As a first step of this study the heavy atoms of the two crystal structures were harmonically restrained (with a force constant of 1 kcal/Å
2) and the energy was minimized. Afterwards the loop and (TIP3P) water atoms were allowed to relax in the presence of a fixed template. The relatively weak force constant (1 kcal/Å
2) (as compared to 100 kcal/Å
2 used in [
10] for the pdb structure 2ace) was chosen to allow more extensive changes in the bound structure due to its relatively large B-factors and the chemical change imposed on it by removing the phosphate group; correspondingly, larger structural changes were also allowed to occur in the free structure. Then two cuts from each crystal structures were performed, which contain exactly the same atoms; these templates and the attached loops were subjected to further optimization steps as described earlier.
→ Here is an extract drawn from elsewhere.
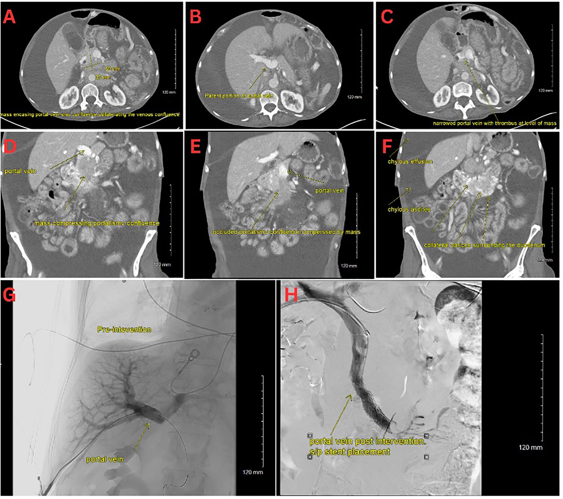 Figure 1. (A–C) CT scan with an axial view of the pNET mass. (D–F) CT scan with a coronal view of the pNET mass. (G) Venogram showing portal vein prior to stent deployment with no distal contrast visualized. (H) Venogram post SMV stent deployment with subsequent patency.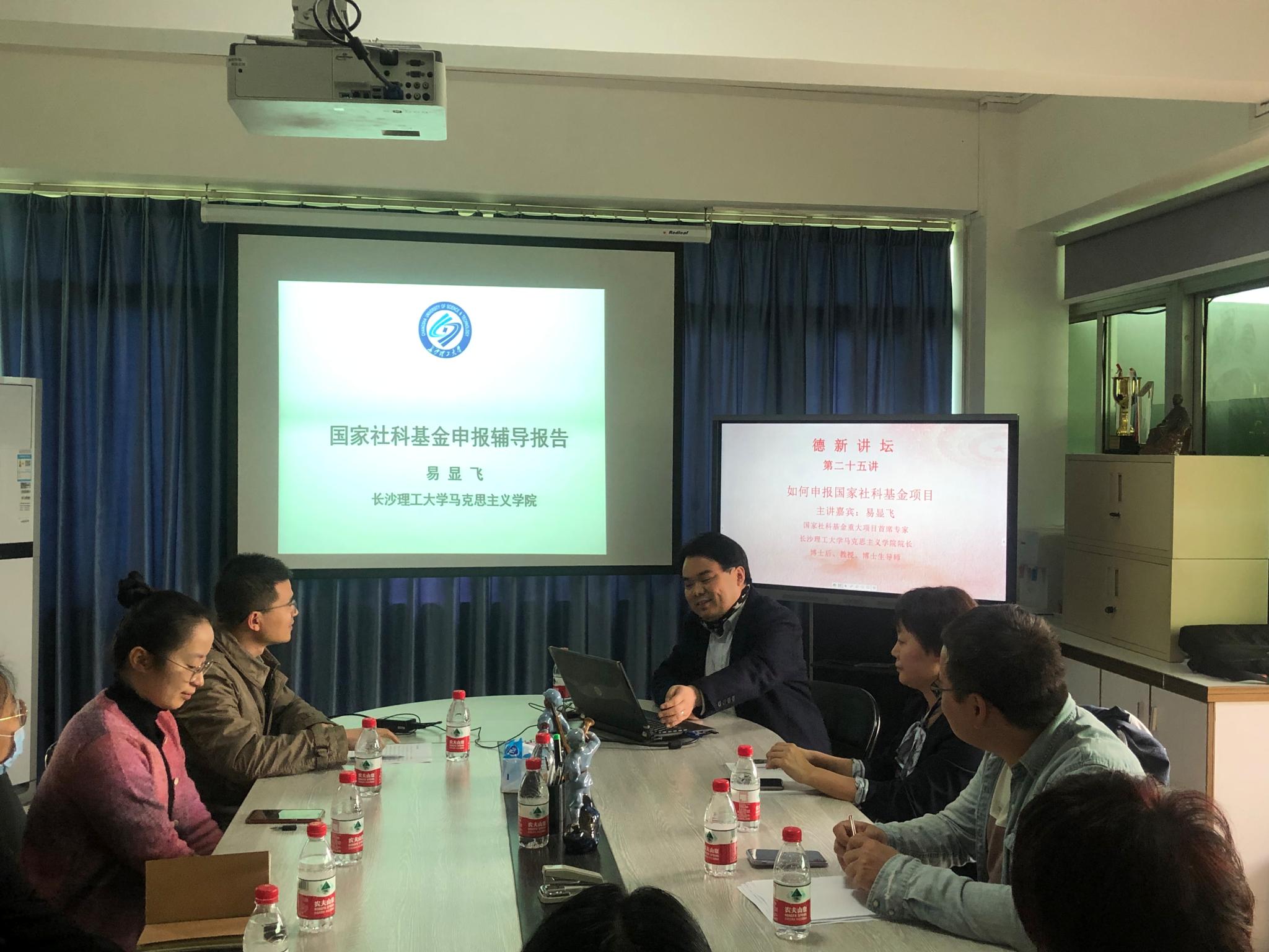 为提升公司青年教师的科研能力,12月23日下午,太阳成集团tyc122cc在海珠校区行政楼西704会议室举行了德新讲坛第二十五讲,主题是“如何申报国家社科基金项目”。主讲嘉宾易显飞教授是国家社科基金重大项目首席专家。哲学博士,中国社科院哲学博士后,教授,博士生导师。长沙理工大学马克思主义公司党委书记、学科负责人。湖南省省级“优秀研究生导师”,湖南省“名师工作室”负责人。

The new computational component in this study is the annihilation (for each template) of the water-template interactions using a TI procedure. Unlike the loop-water TI, one would expect the accuracy of the water–template TI to depend strongly on the system size. Thus, for Nwater ≤ 140 the errors are relatively small and the results for the free-bound differences in the total free energy and energy, ΔFsum and ΔEtotal are comparable, while for Nwater = 160 the errors become larger (in particular for the Lennard-Jones part of the water-template TI) and a significant increase in ΔFsum and ΔEtotal occurs. We attribute this jump in the results to changes in the configuration of water stemming from the increase in water pressure in the sphere as the number of waters grows.
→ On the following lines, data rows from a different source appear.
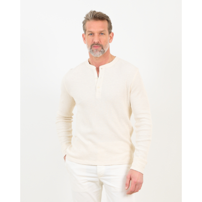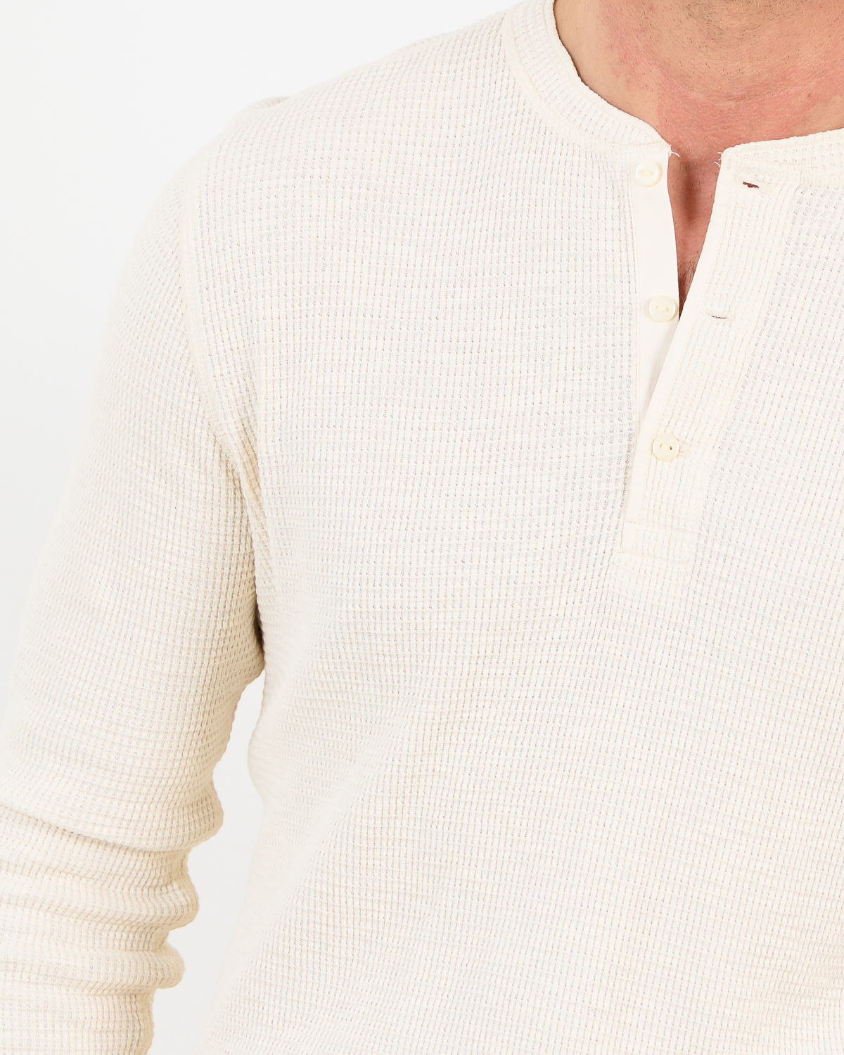 This white long sleeve shirt delivers refined comfort with its textured waffle-knit construction. Crafted from 100% cotton, the fabric feels soft against your skin while maintaining structure throughout the day. The henley-style button placket adds a relaxed touch to the classic silhouette, while the regular fit ensures comfortable movement. From RRL, this men's clothing essential brings understated quality to your wardrobe.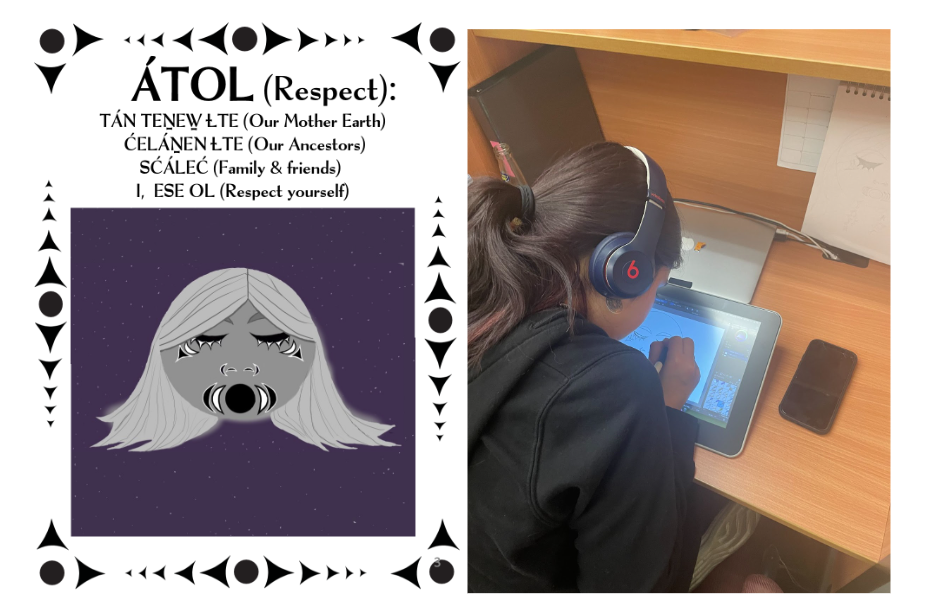 SILE ȽḴÁLJ: Grandmother moon. Shown above: A sneak preview of some of the artwork created by one of the SȾÁSEN junior apprentices LIQIŦIÁ Elliott, 14, of the BOḰEĆEN/W̱JOȽEȽP village that could potentially be used on posters aimed to promote the 13 W̱SÁNEĆ Values. The posters and books will be ready in Spring 2023.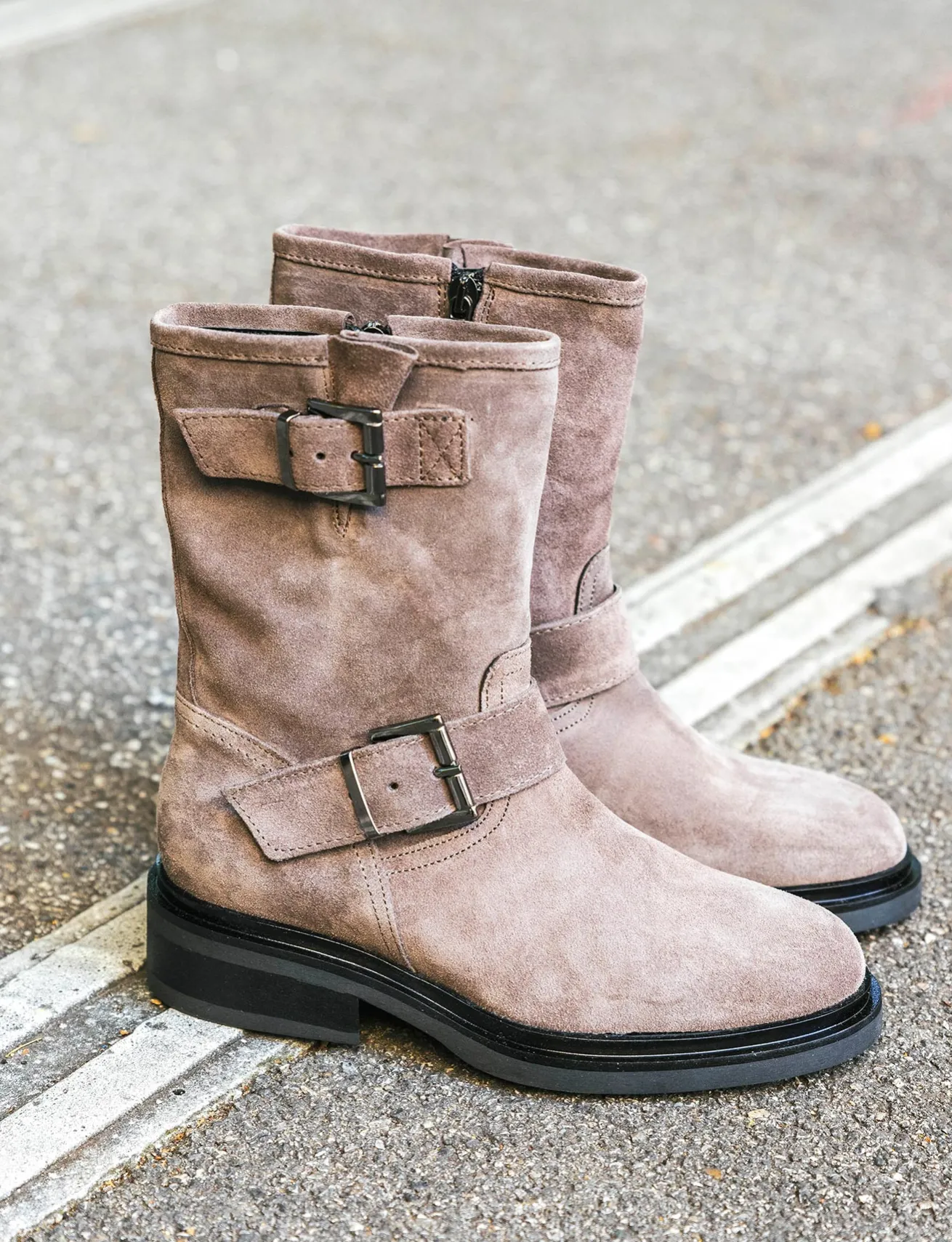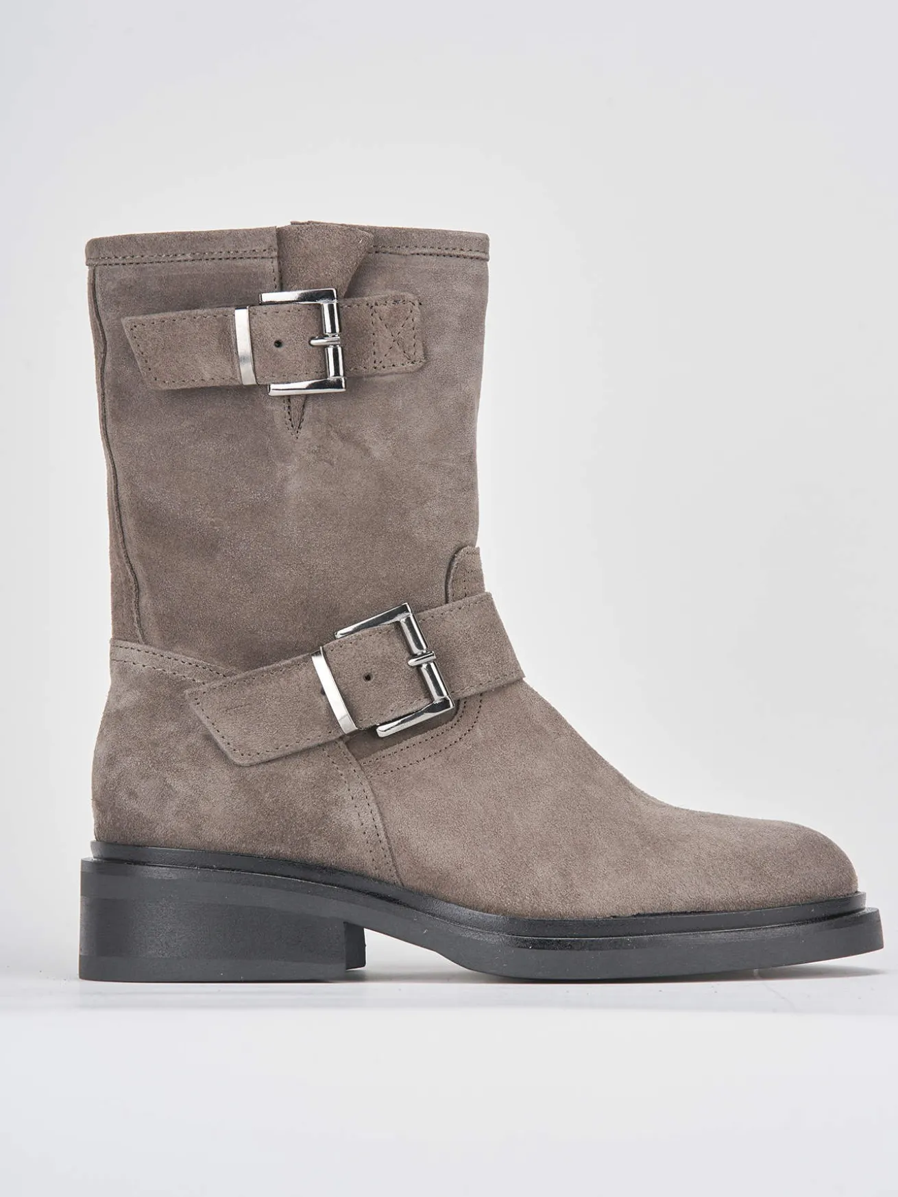 Tronchetto tacco 2 cm fondo in gomma e soletto interno in vera pelle. Tomaia in morbido camoscio, punta tonda, cerniera laterale e doppia fibbia per uno stivaletto perfettamente adatto ai tuoi outfit preferiti.

Finally, calculation of ΔFloop based on separate templates which are cut from the free and bound crystal structures is more realistic than using a single common template for both loop conformations. ΔFloop should also be considered in the calculation of the absolute free energy of binding when the conformational change of the loop is due to ligand binding is of an induced fit type. Thus, while the present calculations show that recovering the experimental result, ΔFloop = Ffree − Fbound ~ −4 kcal/mol is not straightforward, to achieve improvement more research is needed, which will be based on the conclusions of the initial work carried out here, as specified in the summary of the previous section.